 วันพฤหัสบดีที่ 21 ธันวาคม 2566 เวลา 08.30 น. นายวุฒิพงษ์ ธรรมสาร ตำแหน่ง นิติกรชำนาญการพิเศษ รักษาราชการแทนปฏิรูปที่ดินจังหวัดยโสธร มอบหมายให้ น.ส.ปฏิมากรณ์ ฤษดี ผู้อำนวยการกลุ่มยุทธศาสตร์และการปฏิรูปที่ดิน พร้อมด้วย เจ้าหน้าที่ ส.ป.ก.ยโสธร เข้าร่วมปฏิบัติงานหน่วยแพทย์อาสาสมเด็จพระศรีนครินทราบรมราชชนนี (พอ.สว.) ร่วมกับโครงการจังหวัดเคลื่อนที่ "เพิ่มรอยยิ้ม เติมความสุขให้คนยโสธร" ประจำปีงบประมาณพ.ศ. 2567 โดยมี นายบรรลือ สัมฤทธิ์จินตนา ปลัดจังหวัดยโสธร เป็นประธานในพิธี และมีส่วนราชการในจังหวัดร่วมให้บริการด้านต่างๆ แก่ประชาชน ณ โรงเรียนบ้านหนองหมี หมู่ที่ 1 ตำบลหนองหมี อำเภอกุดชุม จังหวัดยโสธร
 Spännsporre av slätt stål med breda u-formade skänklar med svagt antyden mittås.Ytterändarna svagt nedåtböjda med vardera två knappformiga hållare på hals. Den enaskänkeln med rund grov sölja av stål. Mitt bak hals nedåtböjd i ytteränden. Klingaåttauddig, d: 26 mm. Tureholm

__________

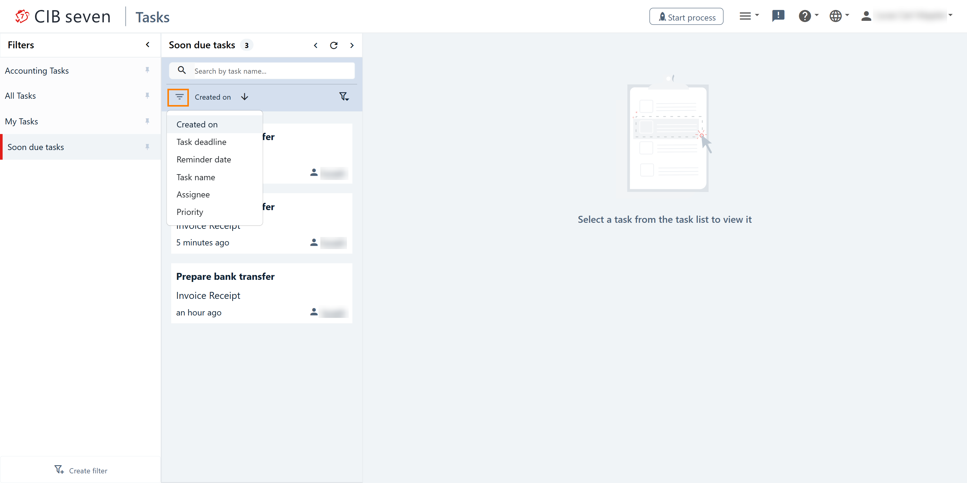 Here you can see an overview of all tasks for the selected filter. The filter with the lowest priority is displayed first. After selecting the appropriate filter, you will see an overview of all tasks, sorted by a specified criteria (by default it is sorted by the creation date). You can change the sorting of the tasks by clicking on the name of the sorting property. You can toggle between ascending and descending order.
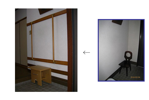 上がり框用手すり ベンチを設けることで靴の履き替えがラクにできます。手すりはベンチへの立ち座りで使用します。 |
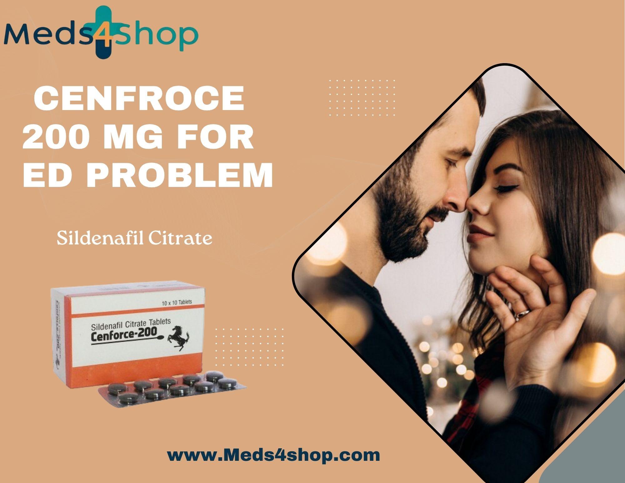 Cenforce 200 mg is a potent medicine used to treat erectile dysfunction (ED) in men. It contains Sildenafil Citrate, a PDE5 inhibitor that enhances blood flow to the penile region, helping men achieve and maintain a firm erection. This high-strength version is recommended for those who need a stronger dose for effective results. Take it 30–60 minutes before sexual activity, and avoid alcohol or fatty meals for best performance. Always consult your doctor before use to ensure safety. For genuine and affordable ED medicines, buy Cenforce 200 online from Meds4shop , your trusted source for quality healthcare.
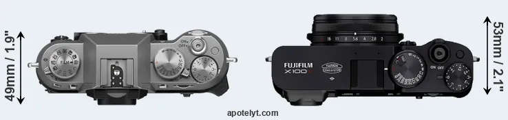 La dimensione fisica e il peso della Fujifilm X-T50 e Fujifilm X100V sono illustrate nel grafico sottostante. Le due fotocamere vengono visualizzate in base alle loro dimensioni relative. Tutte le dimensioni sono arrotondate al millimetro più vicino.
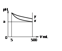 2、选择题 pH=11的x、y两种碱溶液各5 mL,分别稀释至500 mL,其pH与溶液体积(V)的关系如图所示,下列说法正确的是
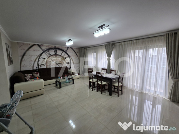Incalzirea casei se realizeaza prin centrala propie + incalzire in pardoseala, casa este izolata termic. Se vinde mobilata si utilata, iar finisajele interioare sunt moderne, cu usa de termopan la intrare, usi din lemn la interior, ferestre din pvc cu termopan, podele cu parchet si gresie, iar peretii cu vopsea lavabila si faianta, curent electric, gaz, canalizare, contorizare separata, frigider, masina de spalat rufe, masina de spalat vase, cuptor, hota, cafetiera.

__________

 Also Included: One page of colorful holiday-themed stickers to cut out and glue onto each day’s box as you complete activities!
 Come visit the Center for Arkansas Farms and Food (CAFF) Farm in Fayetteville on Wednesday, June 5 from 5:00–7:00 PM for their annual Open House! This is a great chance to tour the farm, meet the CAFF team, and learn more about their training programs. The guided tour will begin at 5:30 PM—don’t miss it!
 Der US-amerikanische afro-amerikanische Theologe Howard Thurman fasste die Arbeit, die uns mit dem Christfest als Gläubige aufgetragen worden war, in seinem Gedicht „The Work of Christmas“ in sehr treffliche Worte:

__________

*THE PROBLEM*.
Of the lines above, retype only those from the line containing "Also Included: One" through the line containing "Der US-amerikanische afro-amerikanische", including both, exactly.

*ANSWER TO THIS TASK*.
 Also Included: One page of colorful holiday-themed stickers to cut out and glue onto each day’s box as you complete activities!
 Come visit the Center for Arkansas Farms and Food (CAFF) Farm in Fayetteville on Wednesday, June 5 from 5:00–7:00 PM for their annual Open House! This is a great chance to tour the farm, meet the CAFF team, and learn more about their training programs. The guided tour will begin at 5:30 PM—don’t miss it!
 Der US-amerikanische afro-amerikanische Theologe Howard Thurman fasste die Arbeit, die uns mit dem Christfest als Gläubige aufgetragen worden war, in seinem Gedicht „The Work of Christmas“ in sehr treffliche Worte:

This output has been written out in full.